All dashboards are pre-filtered to your assigned nodes and namespaces. Use the cluster and node dropdowns at the top of each dashboard to narrow scope.
GPU Nodes
The primary hardware health view. Start here when investigating GPU issues.
| Panel | Metric | Interpretation |
|---|
| GPU Utilization | DCGM_FI_DEV_GPU_UTIL | Sustained low utilization during active training suggests a bottleneck elsewhere, such as data loading, CPU, or network. |
| GPU Memory Used | DCGM_FI_DEV_FB_USED / DCGM_FI_DEV_FB_FREE | OOM risk when used approaches total framebuffer. |
| GPU Temperature | DCGM_FI_DEV_GPU_TEMP | Throttling starts above 83 °C. |
| GPU Memory Temperature | DCGM_FI_DEV_MEMORY_TEMP | HBM thermal throttle above 95 °C. |
| GPU Power | DCGM_FI_DEV_POWER_USAGE | Compare against TDP. Sustained low power plus low utilization means idle GPUs. |
| ECC Errors, uncorrectable | DCGM_FI_DEV_ECC_DBE_AGG_TOTAL | Any nonzero value indicates a faulty GPU. Triggers alerts. |
| ECC Errors, correctable | DCGM_FI_DEV_ECC_SBE_AGG_TOTAL | Normal at low rates. Burst rates above 10/hr indicate degradation. |
| Row Remapping | DCGM_FI_DEV_ROW_REMAP_FAILURE | Nonzero means remapping failed and GPU replacement is needed. |
| XID Errors | DCGM_FI_DEV_XID_ERRORS | The XID code identifies the fault type. See Troubleshooting. |
| NVLink Errors | DCGM_FI_DEV_GPU_NVLINK_ERRORS | Any increase indicates inter-GPU link degradation. |
| PCIe Replay | DCGM_FI_DEV_PCIE_REPLAY_COUNTER | More than 50 in 15 minutes suggests PCIe link instability. |
| Node CPU | tenant_node_cpu_* aggregated | Per-NUMA CPU utilization. Data loading bottlenecks surface here. |
| Node Memory | tenant_node_memory_MemAvailable_bytes | Low available memory can cause OOM kills. |
Job Analysis
Maps Slurm jobs to nodes and GPUs.
| Panel | Metric | Interpretation |
|---|
| Job State | slurm_job_state | Running, Pending, Failed, Completing. Stuck Pending jobs may indicate scheduling issues. |
| GPUs Allocated | slurm_job_gpus_allocated | Per-node GPU count for the job. |
| CPUs Allocated | slurm_job_cpus_allocated | Per-node CPU count. |
| Allocated Nodes | slurm_job_cpus_allocated by node label | Which Slurm nodes the job landed on. |
slurm_job_state does not carry a per-node node label. For node-level detail, use slurm_job_cpus_allocated or slurm_job_gpus_allocated, which include node labels.

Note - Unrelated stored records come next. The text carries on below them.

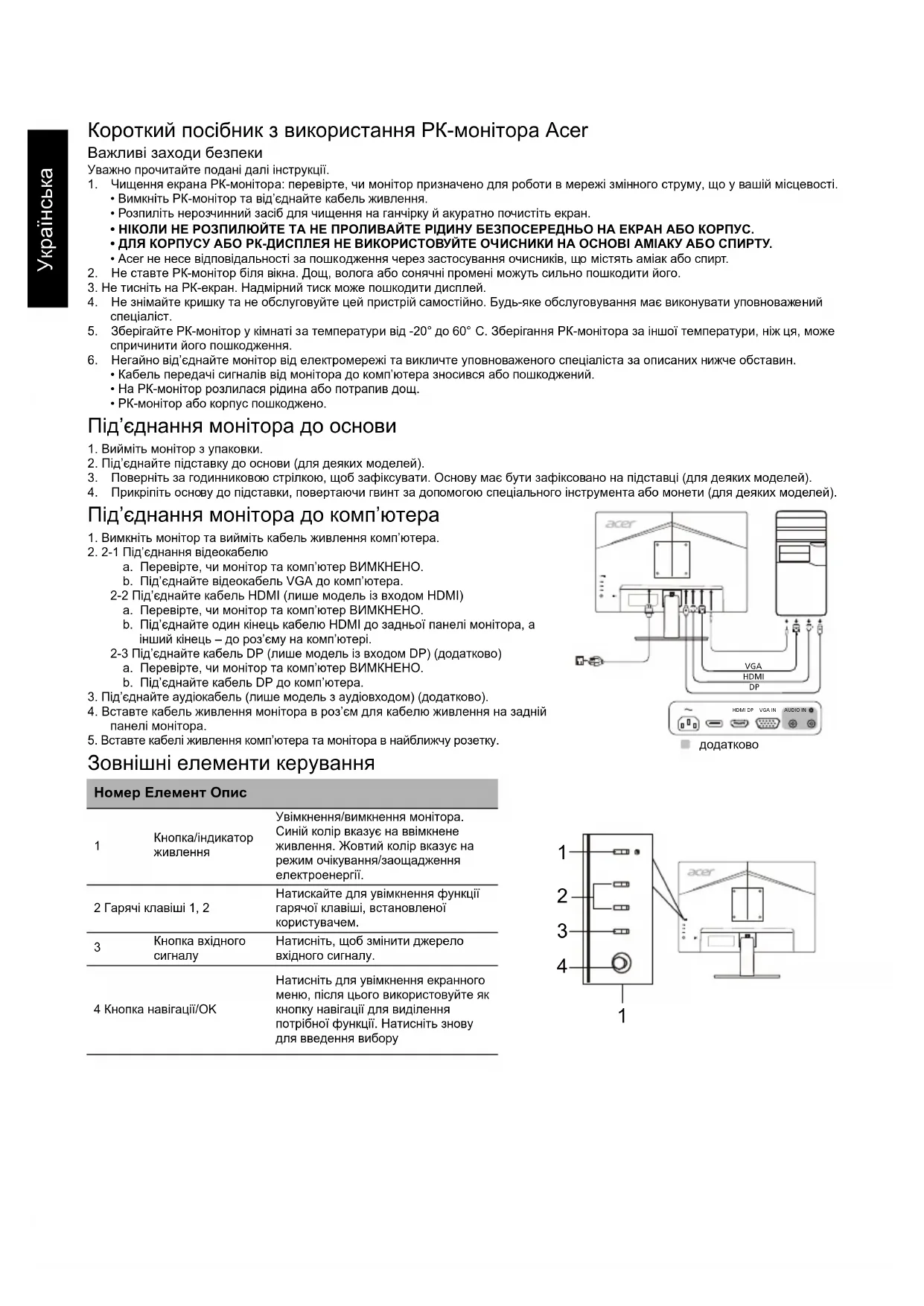 4. Прикріпіть основу до підставки, повертаючи гвинт за допомогою спеціального інструмента або монети (для деяких моделей). Під’єднання монітора до комп’ютера 1. Вимкніть монітор та вийміть кабель живлення комп’ютера.2. 2-1 Під’єднання відеокабелюa. Перевірте, чи монітор та комп’ютер ВИМКНЕНО.b. Під’єднайте відеокабель VGA до комп’ютера. 2-2 Під’єднайте кабель HDMI (лише модель із входом HDMI)a. Перевірте, чи монітор та комп’ютер ВИМКНЕНО.b. Під’єднайте один кінець кабелю HDMI до задньої панелі монітора, а інший кінець – до роз’єму на комп’ютері.2-3 Під’єднайте кабель DP (лише модель із входом DP) (додатково)a. Перевірте, чи монітор та комп’ютер ВИМКНЕНО.b. Під’єднайте кабель DP до комп’ютера.3. Під’єднайте аудіокабель (лише модель з аудіовходом) (додатково).4. Вставте кабель живлення монітора в роз’єм для кабелю живлення на задній панелі монітора.5. Вставте кабелі живлення комп’ютера та монітора в найближчу розетку. Зовнішні елементи керування Номер Елемент Опис
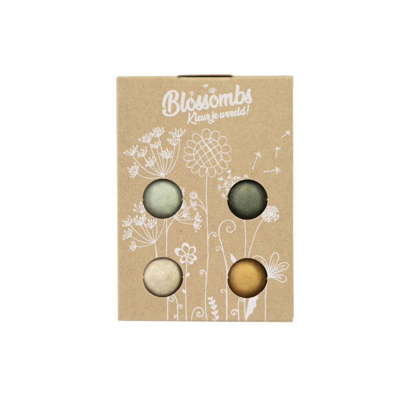 This beautiful box contains 4 flower bombs. The Blossombs Giftbox is a nice gift for Mother's Day. And in the spring you throw the Blossomb in the garden, in a pot on the balcony, a vacant piece of land, a bare verge or along the ditch. Give a sustainable gift during the holidays and you and the bees can enjoy beautiful, wild flowers in the spring.
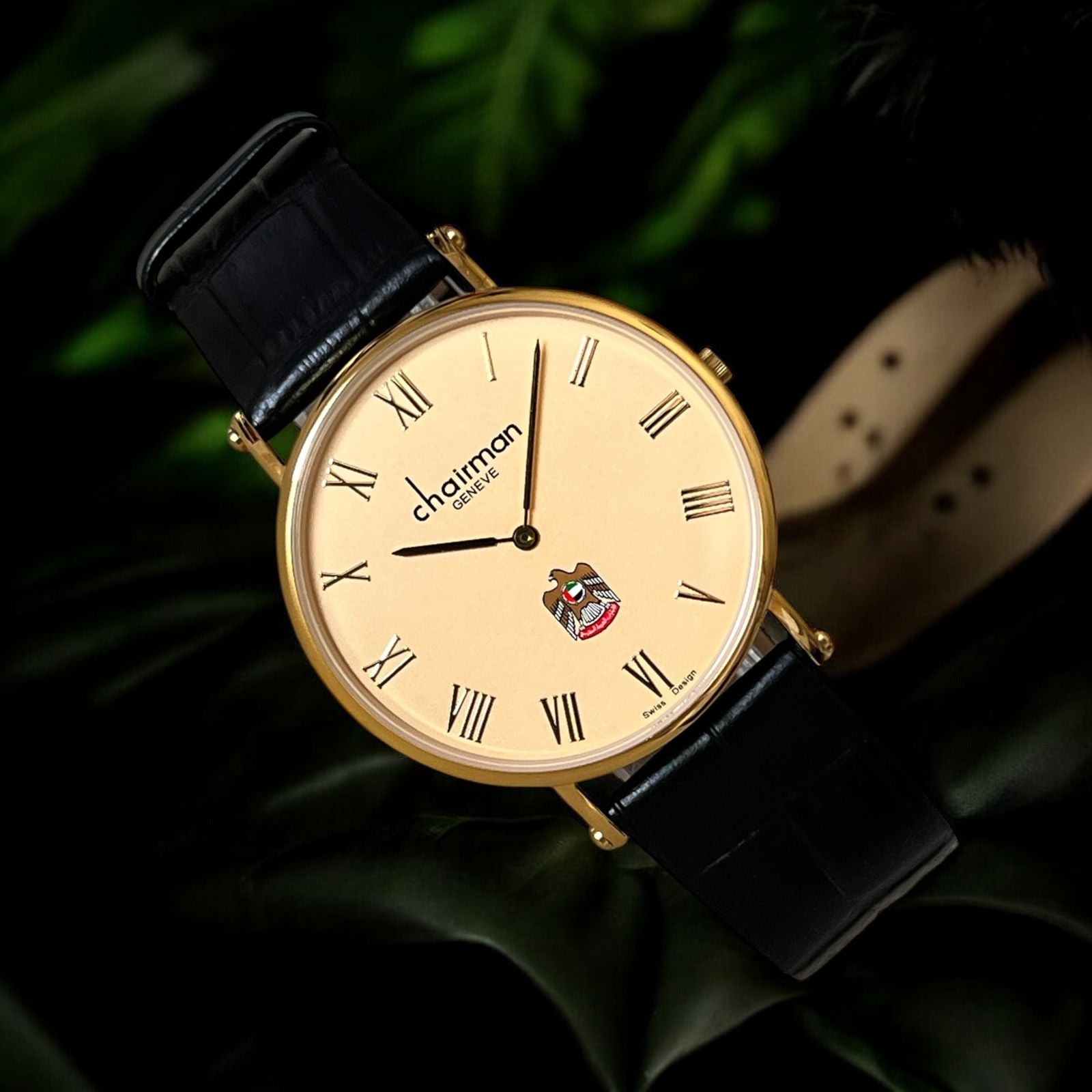 Chairman Geneve Roman Numeral Beige Dial UAE Emblem Black Strap Gents Watch

Slurm node names such as h200-reserved-145-019 differ from Kubernetes hostnames such as andromeda25-wk45. The dashboards handle this join automatically. For custom queries, see Troubleshooting.
Tenant Dashboard
Capacity and readiness overview.
| Panel | Metric | Interpretation |
|---|
| Nodes Assigned | tenant:slurm_nodes:assigned | Total nodes assigned to your environment. |
| Nodes Ready | tenant:slurm_nodes:ready | Nodes that are schedulable and healthy. |
| Nodes degraded | tenant:slurm_nodes:bad | Nodes that are drained, not-ready, or degraded. |
| Node Readiness Ratio | ready / assigned | Below 100% means some capacity is unavailable. |
When tenant:slurm_nodes:bad is nonzero, open the GPU Nodes dashboard to identify which specific nodes are affected and why, such as ECC errors, thermal state, cordon, or drain.